Prior to his presentation, Schlanger read greetings to the conference, which show the growing support from across the political spectrum for the LaRouche solution. First, from Colorado Republican State Senator Owen Hill, who introduced a memorial bill in support of H.R. 129 into his state legislature, said Glass-Steagall is “not a Republican or Democrat issue, . . . not a liberal, conservative, or libertarian issue,” but “simply the common sense that well-functioning markets have to appropriately align risk and reward so that no one can go gamble with taxpayer’s money.” Second, from Sean Turnbull, whose website, the “SGT Report,” has been a forum for anti-Fed, Sen. Ron Paul supporters, who endorsed Glass-Steagall as the only option. A third message was from former Peace and Freedom Party Presidential candidate, Roseanne Barr, who wrote succinctly, “We need to stick a pin in the bankster balloon—Glass-Steagall is the way.”

Science and Culture

The evening panel exemplified the passionate commitment of the LaRouche movement/Schiller Institute to ennoble souls, through the quality of thinking required for scientific discovery and Classical culture. The second panel had been preceded by a beautiful performance by members of the Schiller Institute of four selections from J.S. Bach’s B Minor Mass. The tension, which results from the concentration demanded by Bach’s compositional method, forces a decision to be made by members of the audience, as to how serious they are, really, about acting on this higher level? With a couple of exceptions—people who walked out during the performance—it is clear, from the quality of deliberation which followed the panels, that most decided to accept that challenge.
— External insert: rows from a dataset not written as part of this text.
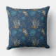 Ein ruhiges und elegantes, ozeanisch inspiriert Kissen mit goldfarbenem Seestern, zartem Korallenriff und sanften blauen Korallen, das alles Set vor einem beruhigenden blauen Hintergrund. Dieses marinen Design besticht durch seinen Küstenstreifen und eine luxuriöse Drehung, die sich ideal für einen entspannten Strandaufenthalt und eine elegante Atmosphäre im Sommer eignet. Ideal für Sommer-, Tropen-, Strand- und Wassersportler.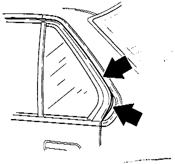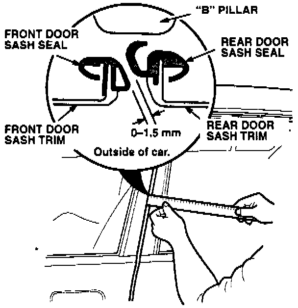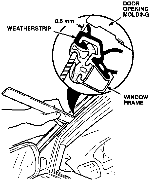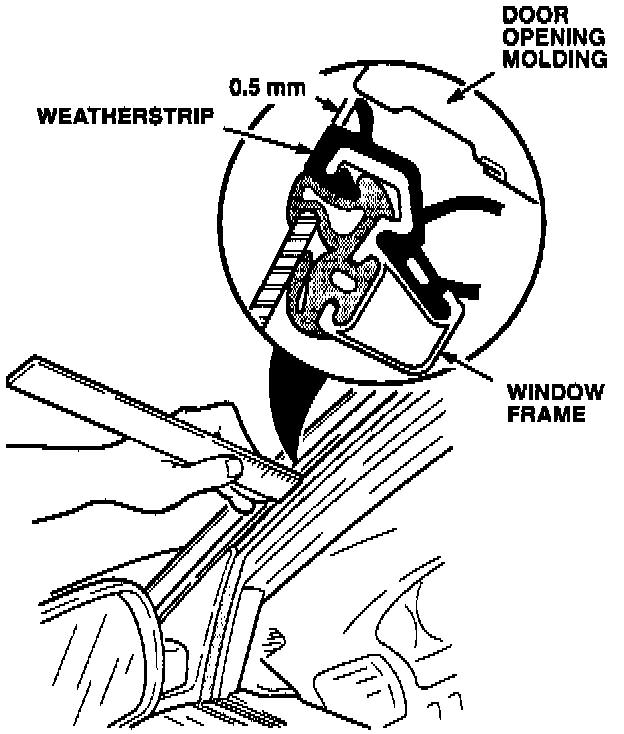 1. Inspect the weatherstrip fit along the top of the front door and along the A pillar. It should fit under the molding no more than 0.5 mm from the outside edge. If it is more than 0.5 mm, adjust the window frame outward.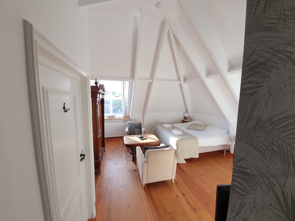 Sfeervolle comfortabele hotelkamer op de tweede etage van het hotel met zicht op het water en de welbekende Waterpoort. In de kamer bevindt zich een tweepersoons boxspringbed en een klein woongedeelte met flatscreentelevisie. De kamer heeft een eigen kleine keuken met compleet inventaris. Tevens beschikt het over een ruime badkamer met douche, wastafel en toilet.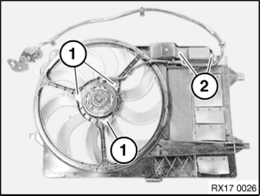 Remove fan motor, series resistor block and fan shroud.
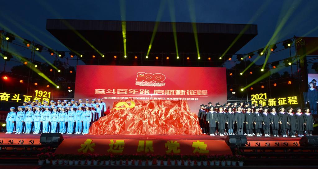 雄壮激昂的大合唱《没有共产党就没有新中国》,拉开了南阳理工学院庆祝中国共产党成立100周年文艺晚会帷幕。作为学校党史学习教育和庆祝建党一百周年系列活动的重要组成部分,晚会以中国共产党的一百年光辉发展历程为主线,分为“开天辟地救中国、改天换地兴中国、翻天覆地富中国、惊天动地强中国”四个篇章。中国共产党波澜壮阔的一百年征程,以磅礴的气势,浓墨重彩地再现在师生的面前;党旗飘飘,党徽璨璨,中国共产党人可歌可泣的奋斗历史,浓缩在两个小时的华彩乐章中。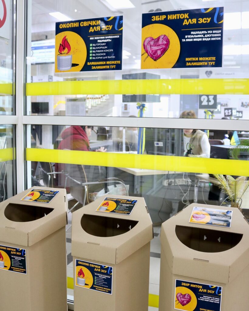 Віднедавна у приміщенні ЦНАПу в Рівному стоять контейнери для збору складових матеріалів для виготовлення окопних свічок.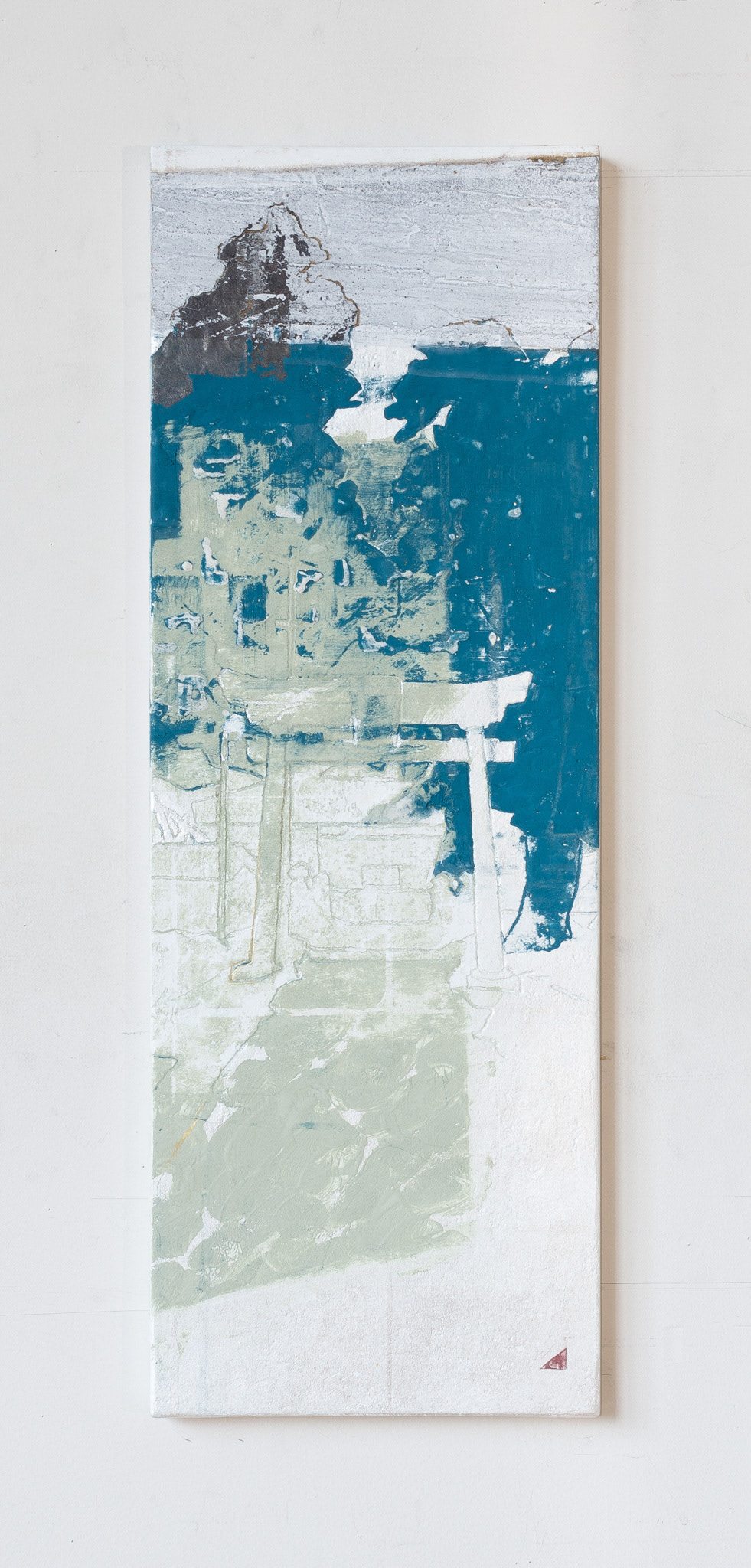 74.7×26.3cm 2018 pigment, silver leaf, gold, animal glue, japanese paper. 顔料、銀箔、膠、麻紙

The evening panel opened with a performance of Mozart’s “Dissonance Quartet,” K. 465, and ended with an intense performance of Beethoven’s Cello Sonata, Op. 69, by My-Hoa Steger and Jean-Sebastien Tremblay. In between these performances, was a video presentation by Mexican scientist Dr. Omar Pensado Diaz, on man and the biosphere, in which he proved the evil incompetence of the British Imperial System. LaRouchePAC’s Megan Beets, speaking on the theme of “The Sense Uncertainty of Truth,” developed this theme as it was presented in LaRouche’s recent papers, with examples of the fraud of sense certainty, and the opposite approach of Johannes Kepler, in his discovery of the orbits of the planets.

Phil Rubinstein, a veteran LaRouche movement leader, took this theme further, in discussing various ironic aspects of human creativity, using devastating humor to invoke in the audience a recognition of how we have tolerated “animal” sense certainty in our day-to-day lives, in contrast to the potential we possess to harness the power of the physical universe.

As the conference closed, Zepp-LaRouche challenged the participants to act on the unifying theme of the conference, that we can, and must, create a better human race, if we are to survive. But this is not a painful challenge, she emphasized, but something which is exciting, and is within our reach, if we accept the challenge. The optimistic spirit she conveyed, at the end of a long day of deliberation, shows that the inspiring contributions of those creative individuals who preceded us, such as Cusa, Kepler, the Founding Fathers, and especially Schiller, are still alive today, and will find new life in the minds of those who attended this event.